The EY quarterly survey of 1,200 global CEOs across 21 countries, on their prospects, challenges and opportunities, shows they are bullish on business performance even in a low growth environment. A significant majority of CEOs surveyed expect an increase in revenue growth (64%) and profitability (63%).
This optimism comes despite acknowledgement of a continued challenging macroeconomic environment with three-quarters (76%) of CEOs surveyed expecting the global economy to continue to endure low or no growth.

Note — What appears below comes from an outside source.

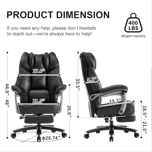 Specification: Big and Tall Office Chair 400lbs for Heavy People, Wide Executive Office Chair with Foot Rest, High Back Ergonomic Desk Chairs Lumbar Support for Lower Back Pain, Leather Black
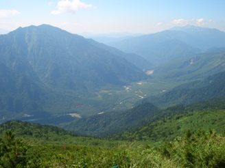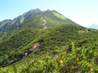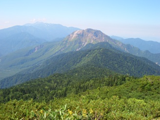 また、独標への道のり、背中にはこの風景。北アルプスの仲間の焼岳、乗鞍岳が背中を後押ししてくれます。

While 78% are preparing for interest rates staying “higher for longer” due to ongoing inflationary pressures and over half (57%) are forecasting an increase in the cost of business.

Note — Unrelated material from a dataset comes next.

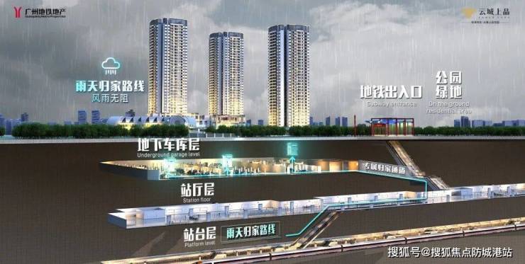 项目与其他TOD项目最大的区别在于:规划了市面上地铁盘所少有的专属归家通道,与地铁站厅无缝衔接;业主通过专属通道抵达地铁站,享受无日晒无风雨出行体验。

Andrea Guerzoni, EY Global Vice Chair – Strategy and Transactions, says:
“Even though CEOs expect continued stagnation of the global economy, this hasn’t dampened their drive for profitability. Exhibiting a newfound resilience and confidence, CEOs are on the hunt for opportunities to drive efficiencies and transform their business for growth. Anticipating an upswing in the M&A market now showing signs of recovery, many are now meaningfully revisiting their business transformation plans, scanning for smart investments and laying groundwork for potential alliances.”
Lift-off for deals market in 2024
CEOs are anticipating a deals market bounce-back with eight in 10 (79%) respondents predicting an uptick in mergers and acquisitions (M&A) megadeals above US$10bn. Thirty-six percent of respondents are also actively pursuing M&A transactions over the next 12 months and a further 29% are seeking divestments. The US maintained its position as the most attractive target region in terms of M&A activity followed by Japan, the United Kingdom, China and India. Manufacturing was identified as the top sector for M&A deals closely followed by ‘banking and capital markets’, ‘insurance’, ‘consumer products’ and ‘mobility’ rounding up the top five.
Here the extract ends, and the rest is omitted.